Output only the lines of the entries that follow, starting at the one with "Un’altra attiva perturbazione" and running down to the one with "CSS APPROVED Effective", both included and unchanged.

Task data =
§ §

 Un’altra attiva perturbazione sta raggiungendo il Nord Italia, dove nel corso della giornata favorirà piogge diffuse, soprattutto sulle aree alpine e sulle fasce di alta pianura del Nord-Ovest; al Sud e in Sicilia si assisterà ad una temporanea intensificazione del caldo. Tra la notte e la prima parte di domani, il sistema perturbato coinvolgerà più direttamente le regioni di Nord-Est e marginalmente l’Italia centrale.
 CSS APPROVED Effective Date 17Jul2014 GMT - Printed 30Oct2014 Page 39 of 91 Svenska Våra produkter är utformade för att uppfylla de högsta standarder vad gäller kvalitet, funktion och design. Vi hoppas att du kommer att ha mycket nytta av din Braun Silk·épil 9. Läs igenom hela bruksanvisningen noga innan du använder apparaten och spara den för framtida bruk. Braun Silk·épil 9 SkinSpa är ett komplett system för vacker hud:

§ §

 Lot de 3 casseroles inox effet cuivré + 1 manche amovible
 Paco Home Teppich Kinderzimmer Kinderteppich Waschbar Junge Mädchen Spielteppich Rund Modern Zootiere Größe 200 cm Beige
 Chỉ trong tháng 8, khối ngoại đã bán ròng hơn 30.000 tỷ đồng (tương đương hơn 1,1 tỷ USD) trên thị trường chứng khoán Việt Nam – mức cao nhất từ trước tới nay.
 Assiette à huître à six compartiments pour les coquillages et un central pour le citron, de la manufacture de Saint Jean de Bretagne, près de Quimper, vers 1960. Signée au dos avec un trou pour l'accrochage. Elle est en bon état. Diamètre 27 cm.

§ §

Exercise result =
 Un’altra attiva perturbazione sta raggiungendo il Nord Italia, dove nel corso della giornata favorirà piogge diffuse, soprattutto sulle aree alpine e sulle fasce di alta pianura del Nord-Ovest; al Sud e in Sicilia si assisterà ad una temporanea intensificazione del caldo. Tra la notte e la prima parte di domani, il sistema perturbato coinvolgerà più direttamente le regioni di Nord-Est e marginalmente l’Italia centrale.
 CSS APPROVED Effective Date 17Jul2014 GMT - Printed 30Oct2014 Page 39 of 91 Svenska Våra produkter är utformade för att uppfylla de högsta standarder vad gäller kvalitet, funktion och design. Vi hoppas att du kommer att ha mycket nytta av din Braun Silk·épil 9. Läs igenom hela bruksanvisningen noga innan du använder apparaten och spara den för framtida bruk. Braun Silk·épil 9 SkinSpa är ett komplett system för vacker hud:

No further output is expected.